Passei a noite ao lado dele tentando mantê-lo acordado, mas nem foi preciso tanto esforço por que com as dores que ele sentia era um tanto impossível dormir. Lembrei do que ele tinha dito sobre mais um alfa na noite passada e resolvi perguntar de novo quem seria. “ Você é um alfa, Annie.” “Eu? Impossível! Eu nunca matei um alfa pra ser um.” “Não é só matando um alfa que você se torna um. Sua mãe era um alfa e, de acordo com a lenda, ela passa para sua filha mais velha esse legado quando morre. Tanto ela quanto a minha mãe eram alfas.” “Você também é um? Por ser o filho mais velho.” “Não. Seria se meu pai fosse o alfa, mas só passa hereditariamente para filhos do mesmo sexo. A Laura era o alfa-herdeiro.” “Como você tem tanta certeza que eu sou um alfa? Você conheceu minha mãe?” “Na verdade, acho que a conheci, mas sei que você é um alfa porque tem transformação completa. Não sei se você percebeu, mas na outra noite você foi a única que atingiu completa forma de lobo enquanto eu e o Scott tínhamos apenas alguns traços modificados na transformação.” “Ah, entendi. Como você conheceu a minha mãe?” “Prefiro não entrar em detalhes.” Falando isso ele reclamou de uma dor no braço e eu apertei mais o lençol que tentava estancar o veneno o qual continuava subindo em direção ao seu coração.

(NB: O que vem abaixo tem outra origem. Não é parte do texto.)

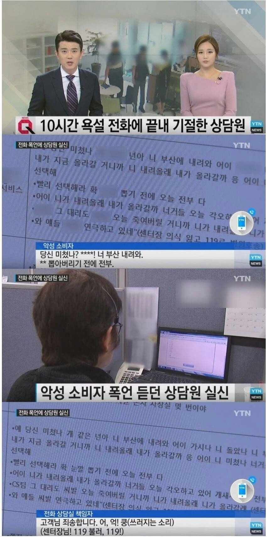 10시간 욕설 전화에 끝내 기절한 상담원 사례

O dia seguinte foi cheio de tensão. Todos estavam ansiosos pela noite e o Scott mais ainda por ter a responsabilidade de encontrar a cura para Derek. Ele passou em minha casa antes de ir à casa dos Argent, tremendo de medo, mas assim que ele viu o estado do Derek, mudou de humor. Derek estava deitado em minha cama e, depois de 24 horas da ação do acônito em seu corpo, cada veia que saia do ferimento em direção ao coração estava sobressalente e de cor roxa ou esverdeada. O veneno estava seguindo e assim que atingisse seu coração, ele morreria.

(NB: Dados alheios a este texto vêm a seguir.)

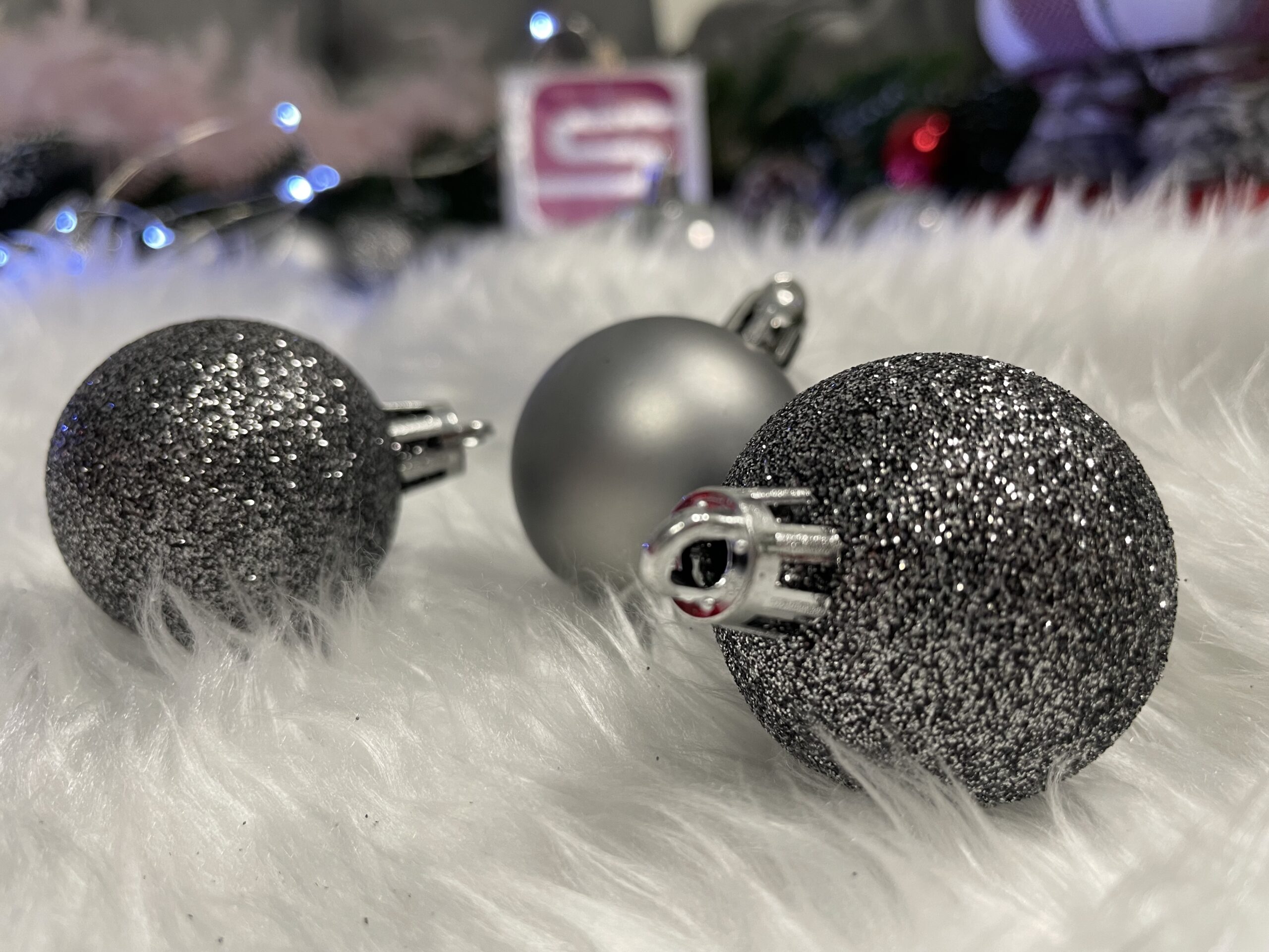 Set globuri de Craciun, 30 bucati, 3 modele, 4/5/6cm, gri argintiu Household NewTrend

Depois do que me pareceu uma hora meu celular tocou, era uma mensagem do Scott. Ele havia enviado uma foto com uma pequena caixa de madeira onde havia uma espécie de planta desenhada em prata. Ao ver aquele símbolo, lembrei automaticamente das fotos que encontrei assim que o Bruno me contou sobre a história dos lobisomens. Aquela era a imagem do acônito azul, uma wolfsbane poderosa que tinha o poder de matar lentamente um lobisomem. Liguei para o Scott, mas a ligação ia para a caixa de mensagem. Será que ele havia sido descoberto?

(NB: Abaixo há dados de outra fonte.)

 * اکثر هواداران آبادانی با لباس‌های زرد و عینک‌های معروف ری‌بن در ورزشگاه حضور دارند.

Tentei contatá-lo mais três vezes e então resolvi procurá-lo. Peguei o casaco e desci correndo a escada. Ao abrira porta, encontrei ele ofegante a minha espera. “Scott! Pensei que havia sido descoberto.” “Quase... Allison... história...” ele ofegava entre uma palavra e outra. “A caixa, seja o que for que estava dentro dela, é o eu nós precisamos.” “Aqui.” Ele respondeu tirando do bolso uma bala comprida. Tomei a bala de sua mão e subi correndo. Styles, que havia ficado para cuidar do Derek, estava com um facão sobre seu braço, prestes a cortá-lo. “O que porra é isso, Styles?” “Foi ele que mandou. Disse que não ia dar tempo.” “Já deu!” respondi mostrando a bala. Abri a cápsula e lá estava um pó azul. Despejei sobre a minha escrivaninha e pedi para o Derek ficar de pé. Peguei o isqueiro e queimei a substância e depois coloquei no ferimento e mantive pressionando com o dedo bem fundo na ferida. Ele gritava de dor e se debatia, mas pouco tempo depois as veias foram desaparecendo e Derek assumia sua cor normal. Estava curado.